Calcification of auricular cartilage is usually asymptomatic.1-6 Some patients complain of discomfort such as pressure due to a hard auricle.1-6 When calcification progresses to the external ear canal, patients sometimes have complaints such as otalgia or aural fullness2,5 as shown in our patient.
The diagnosis of calcification of auricular cartilage can be easily made by physical examination and history taking. It should be confirmed by radiologic or histopathologic examinations.1-7 CT is a very sensitive and good method for diagnosing calcification of auricular and external ear canal cartilage. 4 In our patient, CT was performed periodically to check the degree of calcification, especially the external ear canal cartilage.
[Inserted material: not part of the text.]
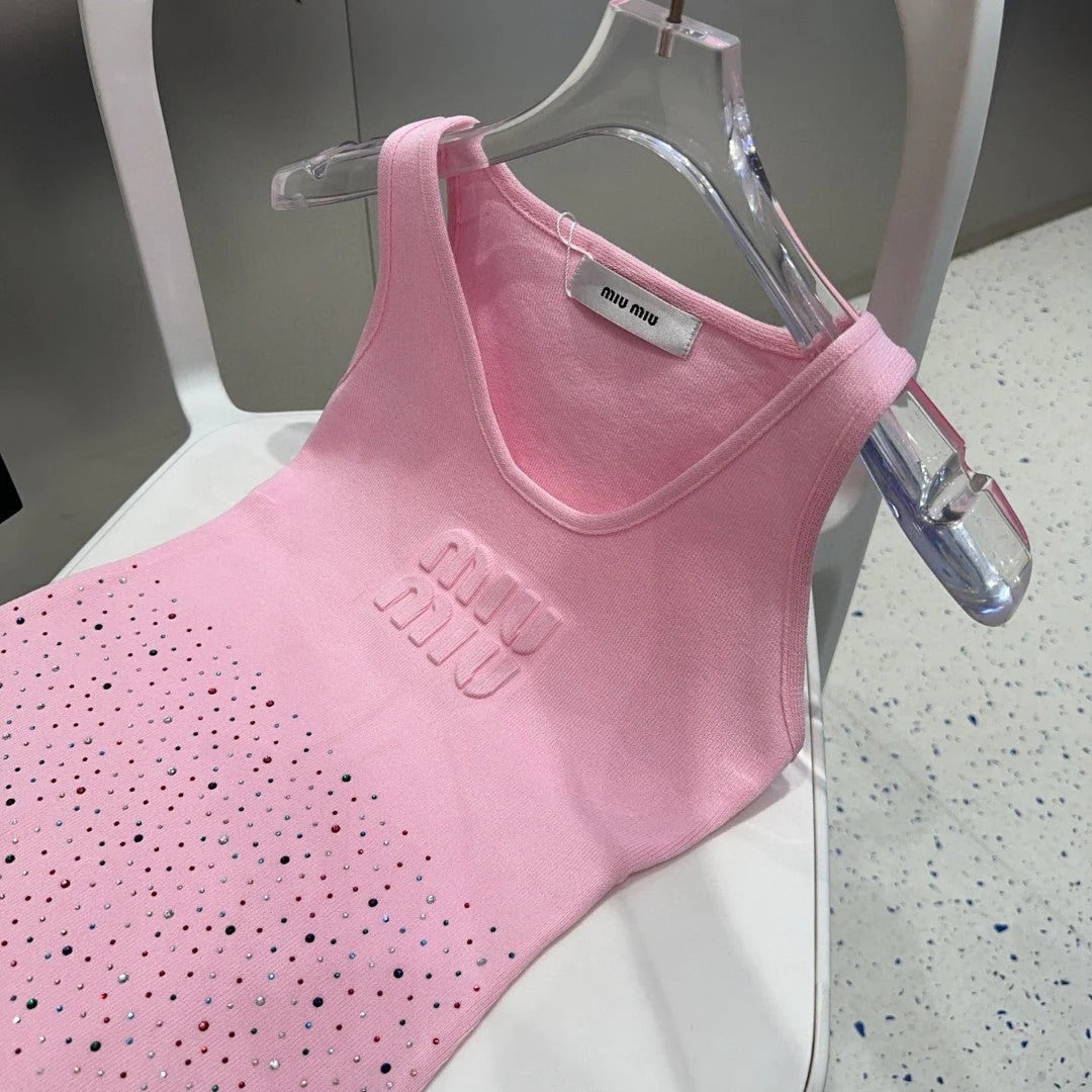 TANK TOP 640625 IN PINK COTTON MUTILCOLOR CRYSTAL

The treatment for calcification of auricular cartilage has not been clearly established due to a small number of patients.1-5 For most asymptomatic patients, observation without special treatment is recommended. If the patient complains of discomfort, surgical treatment is performed to improve symptoms. It has been reported good results can be obtained after meatoplasty in patients with calcification of the external ear canal cartilage.2-5 However, extensively calcified lesions are difficult to remove, and surgery itself may exacerbate calcification of auricular and external ear canal cartilage. 3 Our patient complained of aural fullness due to calcification progressing to the external ear canal cartilage. However, his symptoms are not severe. In addition, he has a normal hearing. Thus, he is being followed up periodically.
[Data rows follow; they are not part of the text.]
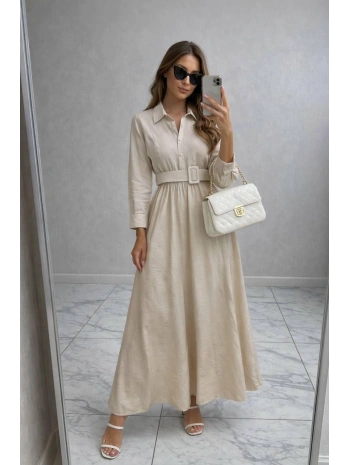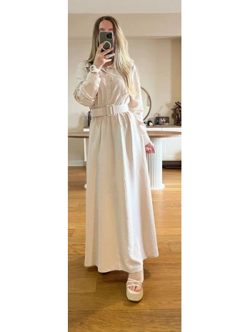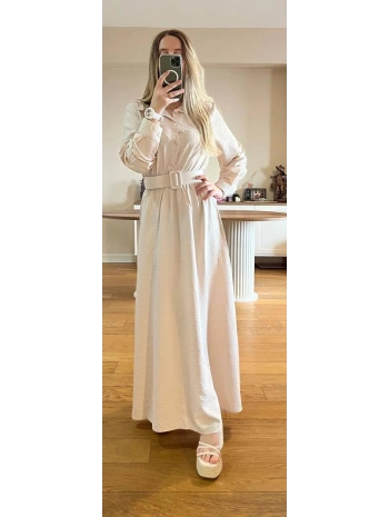 Bej Modal Kumaş Beli Lastikli Kemerli Elbise Modelimiz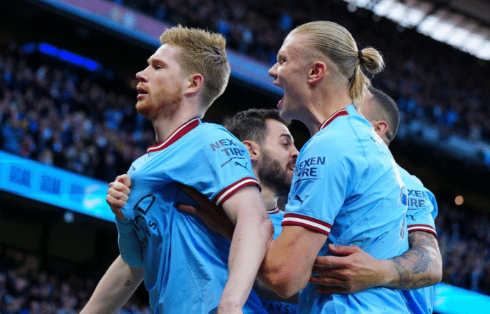 比赛第7分钟,曼城发挥了主场优势,快速进入状态,哈兰德助攻德布劳内破门,曼城1-0领先;比赛第45+1分钟,德布劳内主罚前场定位球,直接助攻斯通斯头球破门,曼城2-0领先;比赛第54分钟,哈兰德在快攻过程中分球,助攻德布劳内完成破门,曼城3-0领先;比赛第86分钟,特罗萨德助攻霍尔丁破门,阿森纳追回一球;比赛第90+5分钟,替补登场的福登助攻哈兰德完成推射破门,曼城4-1拿下比赛。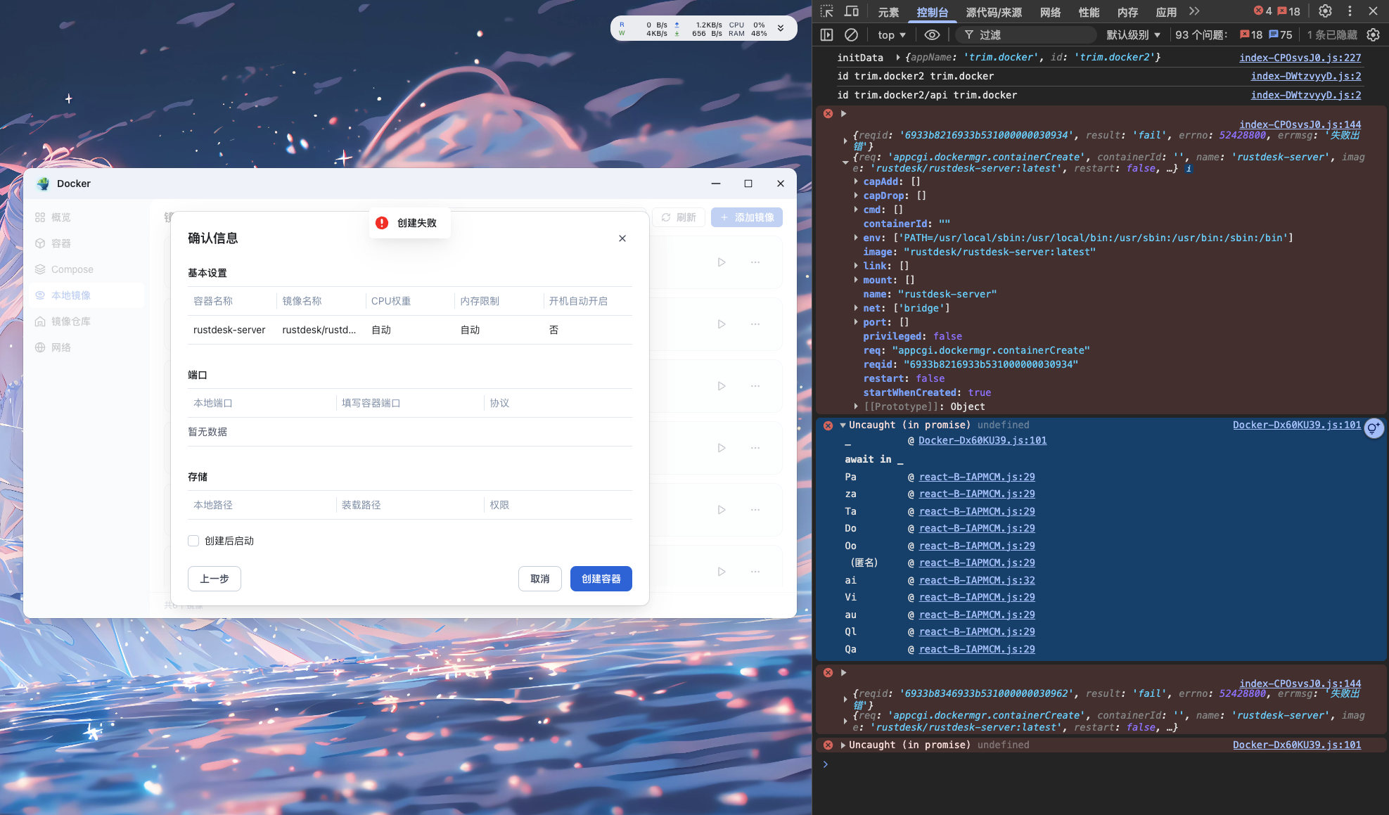 2.docker创建容器失败;警告内容无意义,无法定位问题;例如rustdesk/rustdesk-server镜像创建容器时

Calcification of auricular and external ear canal cartilage is irreversible. Thus, periodic follow-up is required to check the disease progression and the occurrence of symptoms. 1 Patients should be instructed not to irritate their ears to prevent disease progression. 2
Conclusion
We present an extremely rare case of bilateral auricular and external ear canal cartilage calcification in a patient with acromegaly. Clinicians should be aware that auricular and external ear canal cartilage calcification can occur in a patient with acromegaly.
Footnotes
Declaration of conflicting interests
The author(s) declared no potential conflicts of interest with respect to the research, authorship, and/or publication of this article.
Funding
The author(s) received no financial support for the research, authorship, and/or publication of this article.